Celgene has announced that adult patients in England and Wales with chronic plaque psoriasis will now have access to oral OTEZLA® (apremilast) following a positive final appraisal determination from the National Institute for Health and Care Excellence (NICE).1 The decision is the conclusion of a NICE Rapid Review, and ensures patients in England and Wales join those in Scotland, who have been benefitting from access to OTEZLA since it was recommended by the Scottish Medicines Consortium (SMC) in June 2015.

Psoriasis, an inflammatory disease of the skin,4 is estimated to affect around 960,000 adults in the UK.5,6 Despite there being a number of effective treatment options available for psoriasis, evidence suggests that a substantial proportion of people with psoriasis recognise the need for new treatments.7

Professor Chris Griffiths, Professor of Dermatology, University of Manchester commented: "NICE's decision to recommend apremilast for the treatment of psoriasis is an important step forward in the management of a disease which for many patients can have a significant detrimental effect on their lives. Apremilast offers patients a much needed new oral treatment option that does not require routine laboratory monitoring. Clinical trials of apremilast demonstrated a reduction in severity of psoriasis and associated itching as well as improvement in hard to treat areas, such as the nails and scalp. The drug has the potential to fill an important gap in the psoriasis treatment pathway and its introduction is welcomed by patients and healthcare practitioners."

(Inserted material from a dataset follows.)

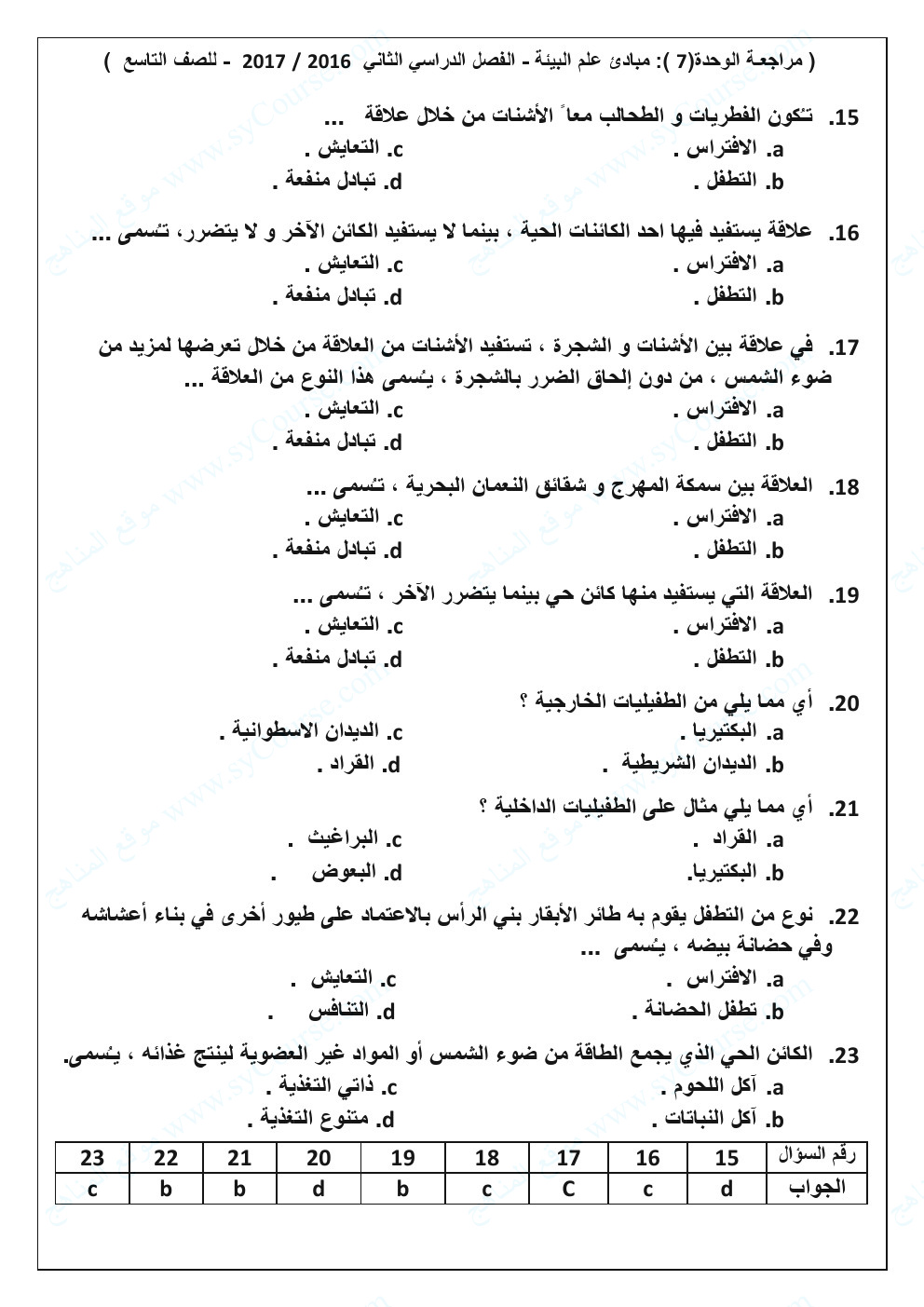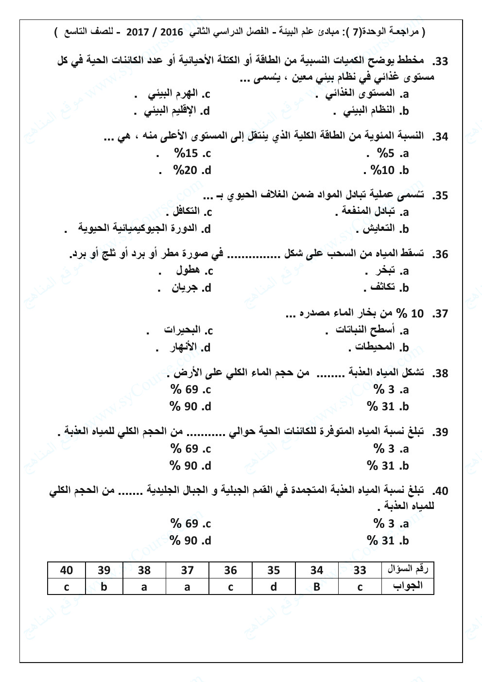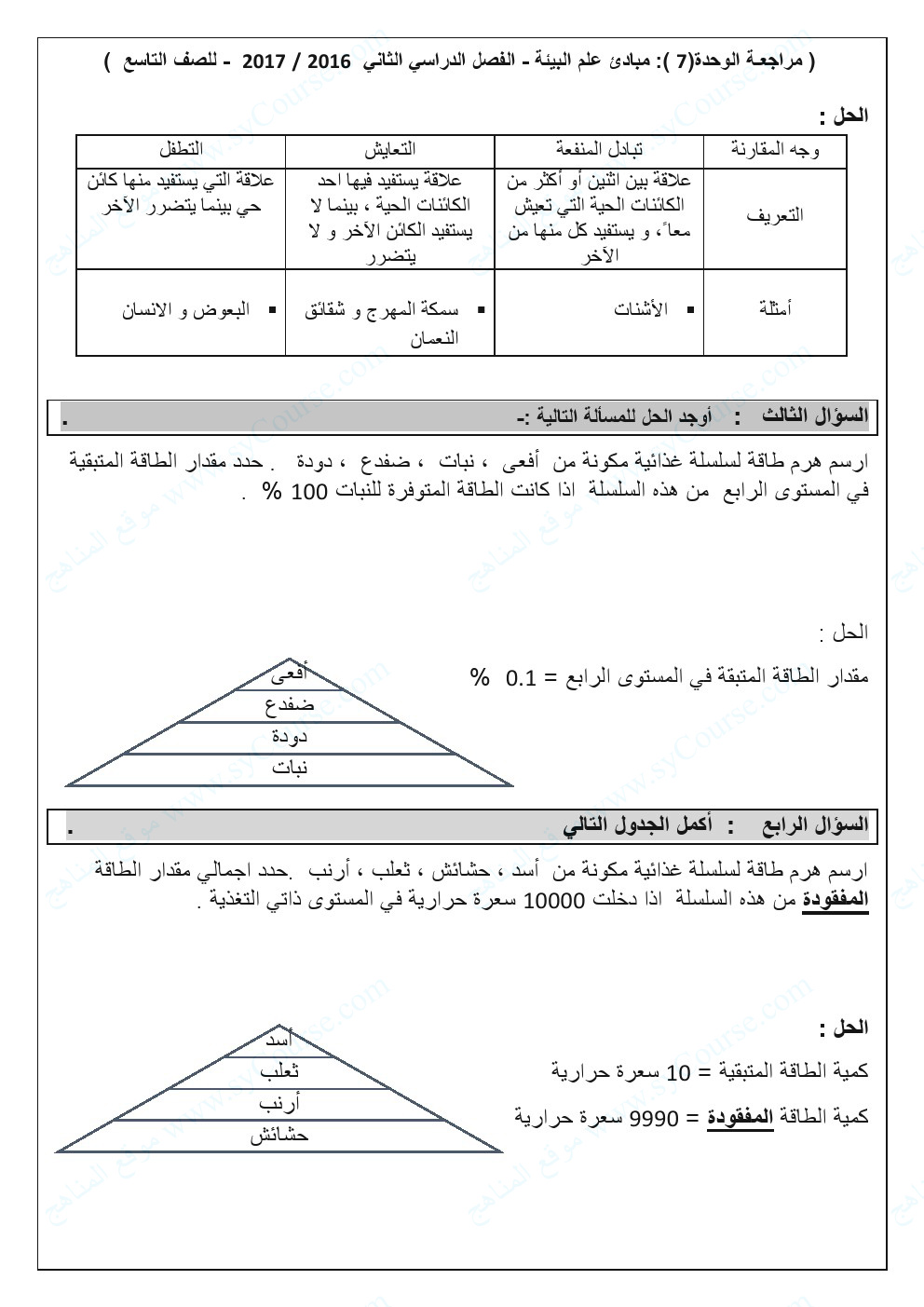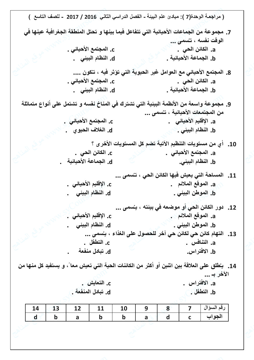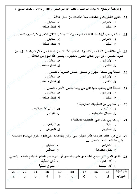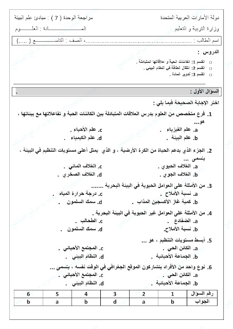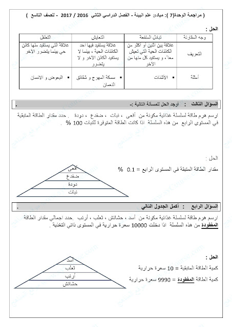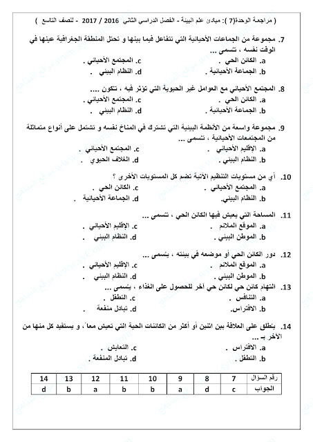 الصف التاسع, الفصل الثاني, علوم, نموذج تدريبي على الوحدة السابعة (مبادئ علم البيئة)

Unlike current systemic treatments available for psoriasis, OTEZLA does not require regular laboratory monitoring or pre‐treatment screening,2,3 which may help reduce the burden of hospital visits for patients.

NICE recognises the clinical benefit and innovation of OTEZLA by recommending it for use in England and Wales as an option for treating chronic plaque psoriasis in adults whose disease has not responded to other systemic therapies, including ciclosporin, methotrexate and PUVA (psoralen and ultraviolet‐A light), or when these treatments are contraindicated or not tolerated, only if:

  • the disease is severe, as defined by a total Psoriass Area Severity Index (PASI) of 10 or more and a Dermatology Life Quality Index (DLQI) of more than 101

OTEZLA, a tablet, has a novel mechanism of action reducing the activity of an enzyme called phosphodiesterase 4 (PDE4). PDE4 has been implicated in the process of inflammation. By reducing the activity of this enzyme, OTEZLA can help to modulate the inflammatory process associated with psoriasis.8,9 Over 100,000 patients worldwide have already been treated with OTEZLA.10

In clinical trials, treatment with OTEZLA for psoriasis showed a reduction in psoriatic skin plaques and other signs and symptoms of the disease including itch, skin pain and discomfort.11,12 OTEZLA also showed improvements in nail and scalp psoriasis2,12 and the quality of life in patients with psoriasis.2 Most adverse reactions were considered to be mild or moderate in severity. Gastrointestinal (GI) symptoms including nausea and diarrhoea were the most commonly reported adverse reactions in the Phase III clinical studies.2 In a long‐term pooled analyses for patients taking OTEZLA up to 182 weeks, there was no increase in severity or frequency of adverse events.13

OTEZLA is currently undergoing NICE Rapid Review for active psoriatic arthritis. A positive Appraisal Consultation Document (ACD) recommending OTEZLA for use in the NHS was issued by NICE on 11th October 2016.14 A final decision is expected later this year.